Search engines are exceptionally important tools for accessing information in today’s world. In satisfying the information needs of millions of users, the effectiveness (the quality of the search results) and the efficiency (the speed at which the results are returned to the users) of a search engine are two goals that form a natural trade-off, as techniques that improve the effectiveness of the search engine can also make it less efficient. Meanwhile, search engines continue to rapidly evolve, with larger indexes, more complex retrieval strategies and growing query volumes. Hence, there is a need for the development of efficient query processing infrastructures that make appropriate sacrifices in effectiveness in order to make gains in efficiency. This survey comprehensively reviews the foundations of search engines, from index layouts to basic term-at-a-time (TAAT) and document-at-a-time (DAAT) query processing strategies, while also providing the latest trends in the literature in efficient query processing, including the coherent and systematic reviews of techniques such as dynamic pruning and impact-sorted posting lists as well as their variants and optimisations.
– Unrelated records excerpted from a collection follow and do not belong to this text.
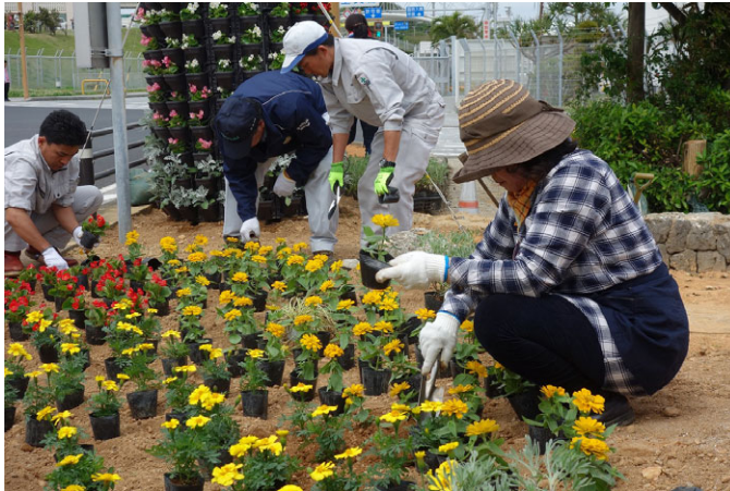
写真5 植栽ボランティア状況

花壇づくりを実施しました（写真5、6）。写真5は、花壇でのグリーンアドバイザー ※ による植栽ボランティアの様子で、設計図面を踏まえつつ、植栽配置は現場で調整するなど質の高い演出を目指しました。写真6は、ボランティア・サポート・プログラム団体である美ら島フラワーロード協議会事務局がフラワータワー3基を設置したものであり、立体的で彩りのある車窓景観を演出しました。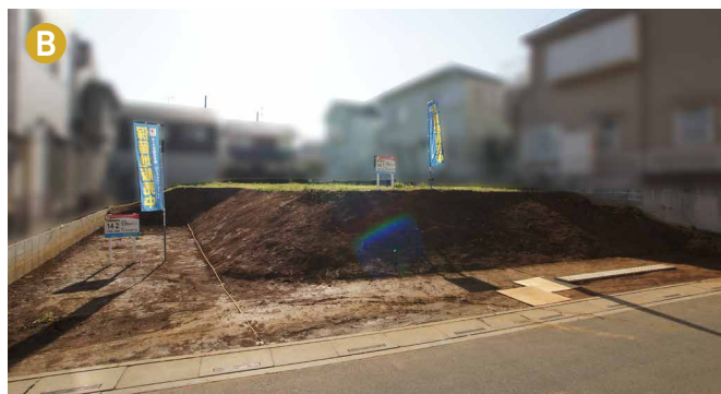
現地写真は2018年11月21日撮影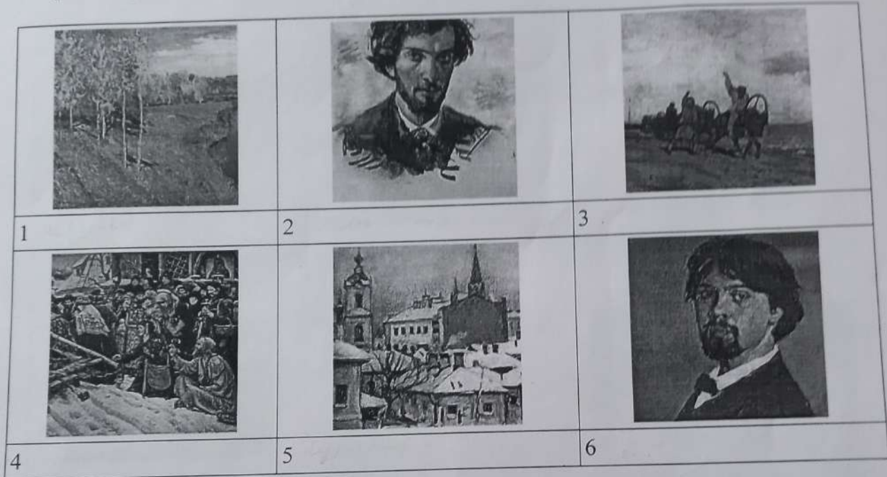
Таблица для ответа

Дан ряд произведений и их названия: «Золотая осень», «Автопортрет», «Бурлаки», «Боярыня Морозова», «Вид на Кремль», «Автопортрет». Сопоставьте названия и картину. Все картины можно разбить на группы. Предложите свои варианты разбивки. Дайте название каждой группе.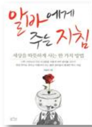
알바에게 주는 지침 · 이남석 지음 · 2012년 | 평사리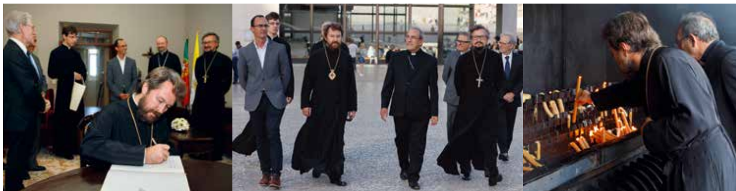
El paso por el Santuario de Fátima fue sentido como una necesidad por parte de Responsable de las Relaciones externas de la Iglesia Rusa

Estamos ya trabajando en eso. Hace dos años el Papa Francisco se encontró en la Habana con el patriarca de Moscú y tuvieron una conversación muy cordial. Hablaron de muchos asuntos, incluido el futuro del Cristianismo en Europa. Antes de este encuentro ya trabajábamos mucho juntos, ahora aún más. Este encuentro abrió una nueva página en nuestra relación.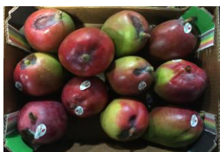
Figura 11: Mocamento

É um tipo de doença causada por fungos e um deles é o da Antracnose, que ficam latentes e aparecem quando o fruto está em processo de amadurecimento. Caracterizada pelo apodrecimento do fruto onde a polpa da fruta fica escura e a casca sensível e sujeita a rompimentos, além de um odor característico.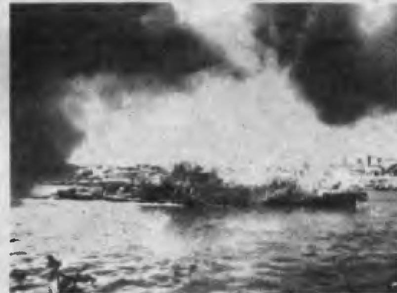
Volga alevler içinde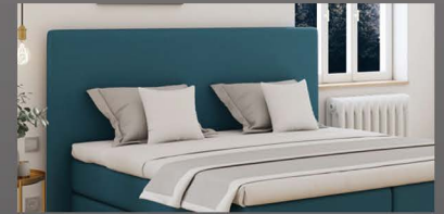
Schlichtes, schlankes Kopfteil mit Keder seitlich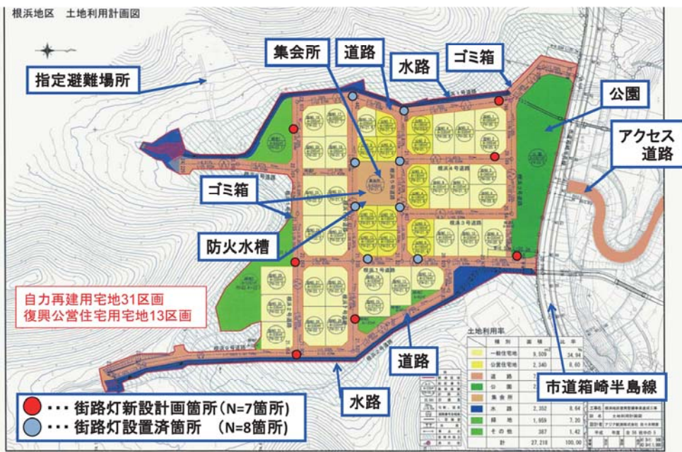
根浜地区 最新の土地利用計画図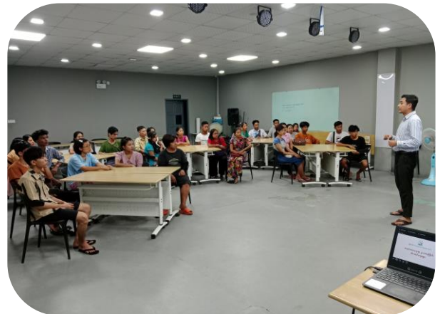
MGMA conducting Labor Law Awareness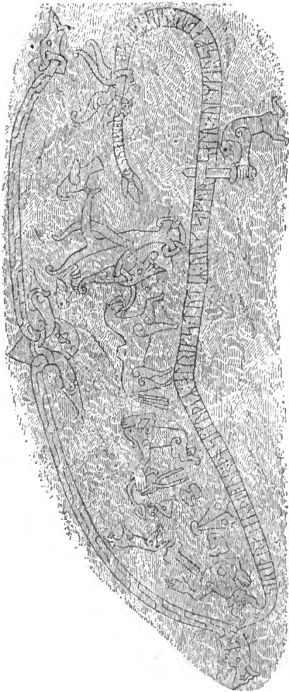
Tafel II. Der Hamfund-Stein. Vergl. Seite 77.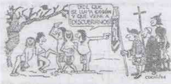
1.- _____ entdeckt Cristopher Columbus Amerika.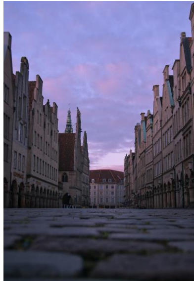
Die Giebelhäuser am Prinzipalmarkt

Die Promenade ist die grüne Verkehrsader von Münster und umschließt die Innenstadt. Sie wird gerne als Joggingstrecke und Spazierweg benutzt.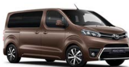
KCM Gesztenye barna Metálfényezés Bruttó 200 000 Ft

A karosszéria színe a felszereltségi szinttől is függhet.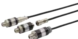
VHR3/VHG3 (半导体应变式输出)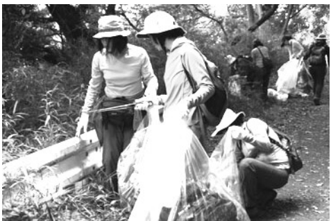
クリーンアップ作戦 毎偶数月の第2日曜日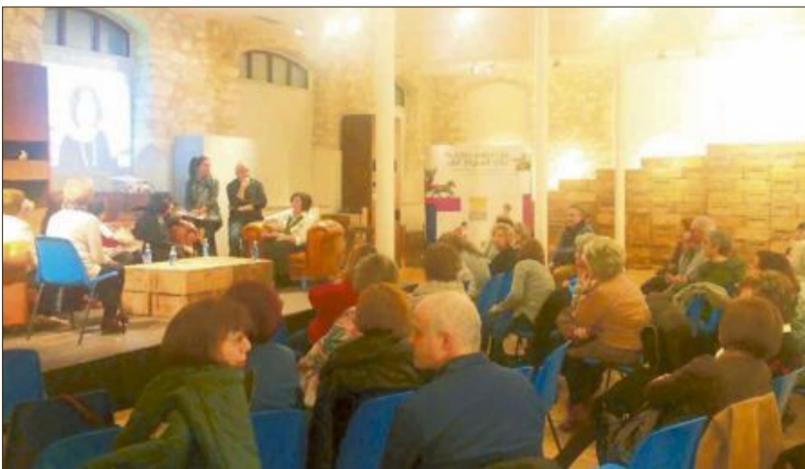
La exposición, que se inaugura próximamente, se presentó en el café-tertulia, celebrado el viernes 9 de marzo en el Museo del Juguete, donde asistieron muchas mujeres integrantes de los colectivos a los que se rinde homenaje

en calidad de miembros del foro ciudadano Urbact, creado a comienzos de 2017.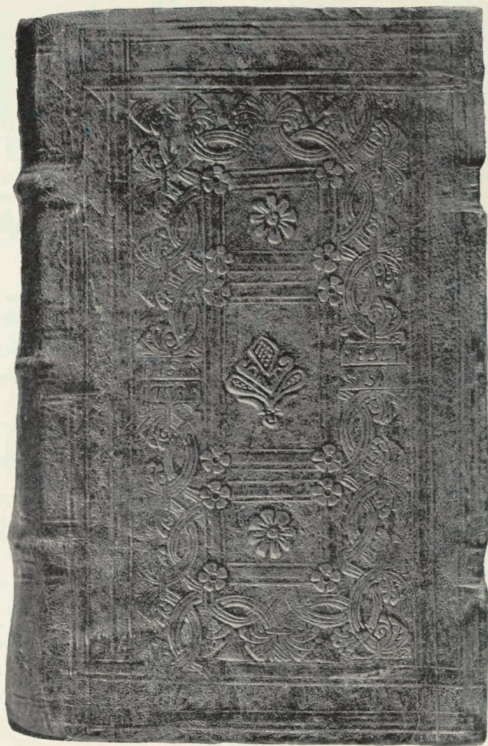
Tavle 2. Phil. Nicolai, Theoria vel speculum vitae eternae. Hólar 1608. Kgl. Bibl. Hielmst. 845 8vo.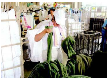
健康・体力・忍耐力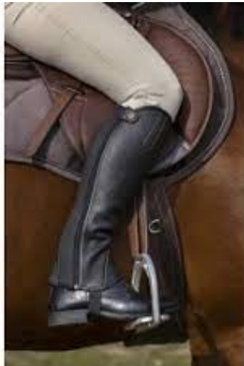
L'image 37 : Chaps/ minichaps équitation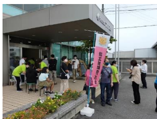
19(日) 知立地域ねこの会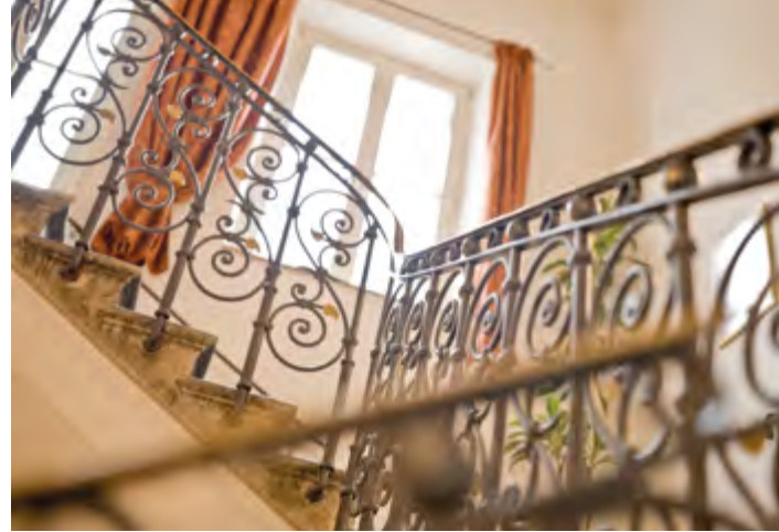
Blick ins Treppenhaus

In den Jahren von 2011 und 2013 hat das Dom Hotel in die Verschönerung, Erweiterung und die energetische Modernisierung des Hauses investiert. Die Außenfassade am Wohntrakt des Baukomplexes (an der Frauentorstraße) wurde saniert. Dekorative Fassadenelemente wie die Hausmadonna und die Löwenköpfe unter dem Dachvorsprung kommen nun noch besser zur Geltung.

Our explanations of query processing strategies, for instance the WAND and BMW dynamic pruning algorithms, are presented with illustrative figures showing how the processing state changes as the algorithms progress. Moreover, acknowledging the recent trends in applying a cascading infrastructure within search systems, this survey describes techniques for efficiently integrating effective learned models, such as those obtained from learning-to-rank techniques. The survey also covers the selective application of query processing techniques, often achieved by predicting the response times of the search engine (known as query efficiency prediction), and making per-query tradeoffs between efficiency and effectiveness to ensure that the required retrieval speed targets can be met. Finally, the survey concludes with a summary of open directions in efficient search infrastructures, namely the use of signatures, real-time, energy-efficient and modern hardware and software architectures.

Item Type:Articles
Additional Information:Nicola Tonellotto acknowledges the partial support by the BIGDATAGRAPES (grant agreement No. 780751) project, which has received funding from the European Union’s Horizon 2020 research and innovation framework, within the Information and Communication Technologies work programme.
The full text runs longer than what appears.